Notice that \begin{align} S & = \sum_{n = 0}^{\infty} \frac{n^{2}}{n!} \\ & = \frac{0^{2}}{0!} + \frac{1^{2}}{1!} + \frac{2^{2}}{2!} + \frac{3^{2}}{3!} + \cdots \\ & = \frac{1}{0!} + \frac{2}{1!} + \frac{3}{2!} + \frac{4}{3!} + \cdots. \end{align} Then \begin{align} S - e & = \left( \frac{1}{0!} + \frac{2}{1!} + \frac{3}{2!} + \frac{4}{3!} + \cdots \right) - \left( \frac{1}{0!} + \frac{1}{1!} + \frac{1}{2!} + \frac{1}{3!} + \cdots \right) \\ & = \frac{1}{1!} + \frac{2}{2!} + \frac{3}{3!} + \cdots \\ & = e. \qquad (\text{As shown in the OP.}) \\ \end{align} Therefore, $ S = e + e = 2 e $.

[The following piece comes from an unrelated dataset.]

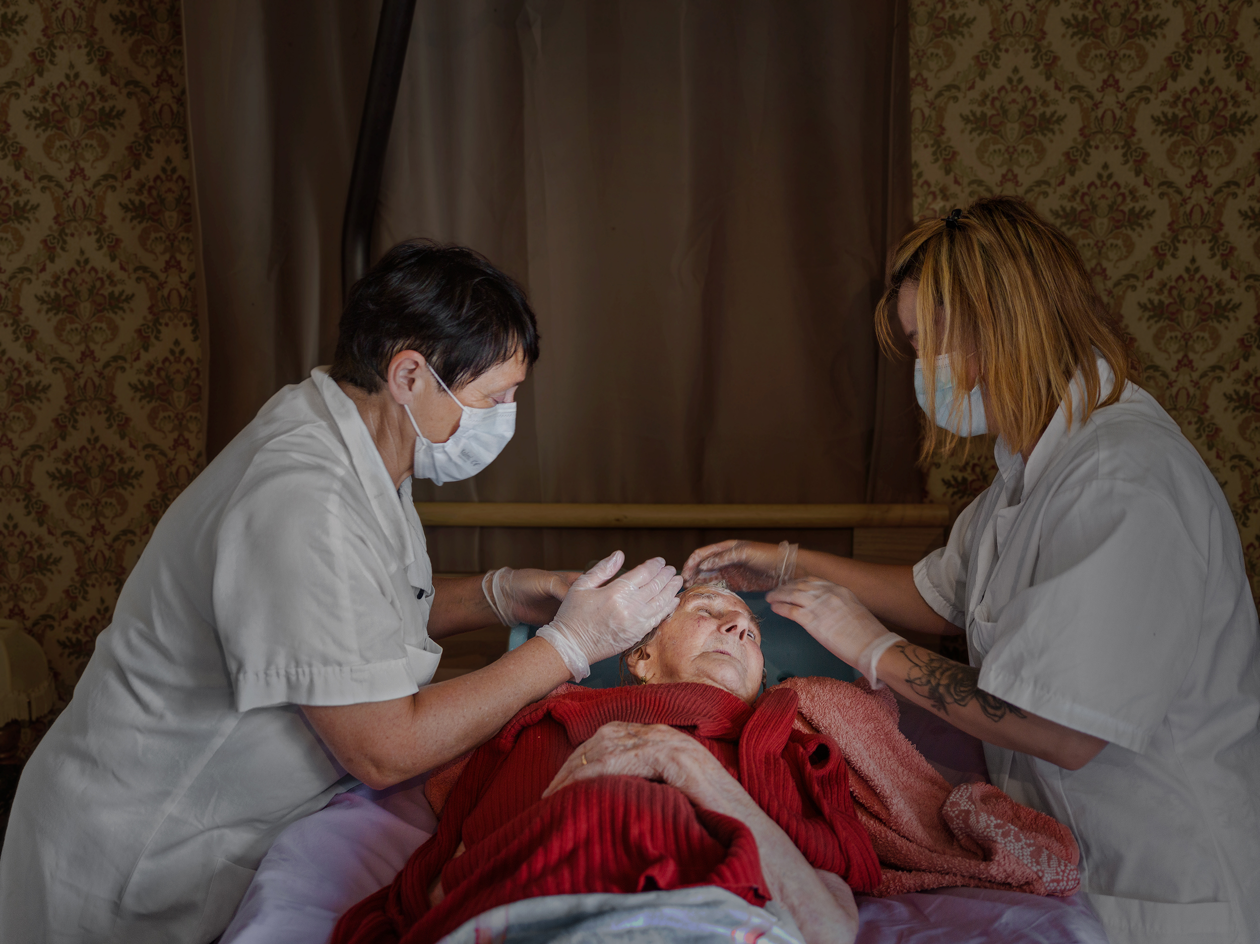 olivia gay La toilette au lit d’Amélie, Nogent-le-Rotrou, été 2022, série À domicile, 2022, Tirage 15 x 21 cm, impression pigmentaire.

In fact, using the same type of reasoning, it can be shown that $ \displaystyle \sum_{n = 0}^{\infty} \frac{n^{3}}{n!} = 5 e $.
Here is the connection with Bell numbers.
For each $ p \in \mathbb{N}_{0} $, let $ \displaystyle S_{p} \stackrel{\text{df}}{=} \sum_{n = 0}^{\infty} \frac{n^{p}}{n!} $. Notice that \begin{align} \forall p \in \mathbb{N}: \quad S_{p} & = \sum_{n = 0}^{\infty} \frac{n^{p}}{n!} \\ & = \sum_{n = 1}^{\infty} \frac{n^{p}}{n!} \qquad \left( \text{As $ \dfrac{0^{p}}{0!} = 0 $.} \right) \\ & = \sum_{n = 1}^{\infty} \frac{n^{p - 1}}{(n - 1)!} \qquad (\text{After canceling $ n $’s.}) \\ & = \sum_{n = 0}^{\infty} \frac{(n + 1)^{p - 1}}{n!}. \qquad (\text{After re-indexing.}) \end{align} Hence, \begin{align} \forall p \in \mathbb{N}_{\geq 2}: \quad S_{p} - S_{p - 1} & = \sum_{n = 0}^{\infty} \frac{(n + 1)^{p - 1}}{n!} - \sum_{n = 0}^{\infty} \frac{n^{p - 1}}{n!} \\ & = \sum_{n = 0}^{\infty} \frac{1}{n!} \left[ (n + 1)^{p - 1} - n^{p - 1} \right] \\ & = \sum_{n = 0}^{\infty} \left[ \frac{1}{n!} \sum_{k = 0}^{p - 2} \binom{p - 1}{k} n^{k} \right] \qquad (\text{By the Binomial Theorem.}) \\ & = \sum_{n = 0}^{\infty} \sum_{k = 0}^{p - 2} \binom{p - 1}{k} \frac{n^{k}}{n!} \\ & = \sum_{k = 0}^{p - 2} \left[ \binom{p - 1}{k} \sum_{n = 0}^{\infty} \frac{n^{k}}{n!} \right] \\ & = \sum_{k = 0}^{p - 2} \binom{p - 1}{k} S_{k}. \end{align} Therefore, $$ \forall p \in \mathbb{N}_{\geq 2}: \quad S_{p} = \sum_{k = 0}^{p - 2} \binom{p - 1}{k} S_{k} + S_{p - 1} = \sum_{k = 0}^{p - 1} \binom{p - 1}{k} S_{k}. $$ As $ S_{0} = S_{1} = e $ by inspection, we see that the $ S_{p} $’s are the Bell numbers multiplied by $ e $.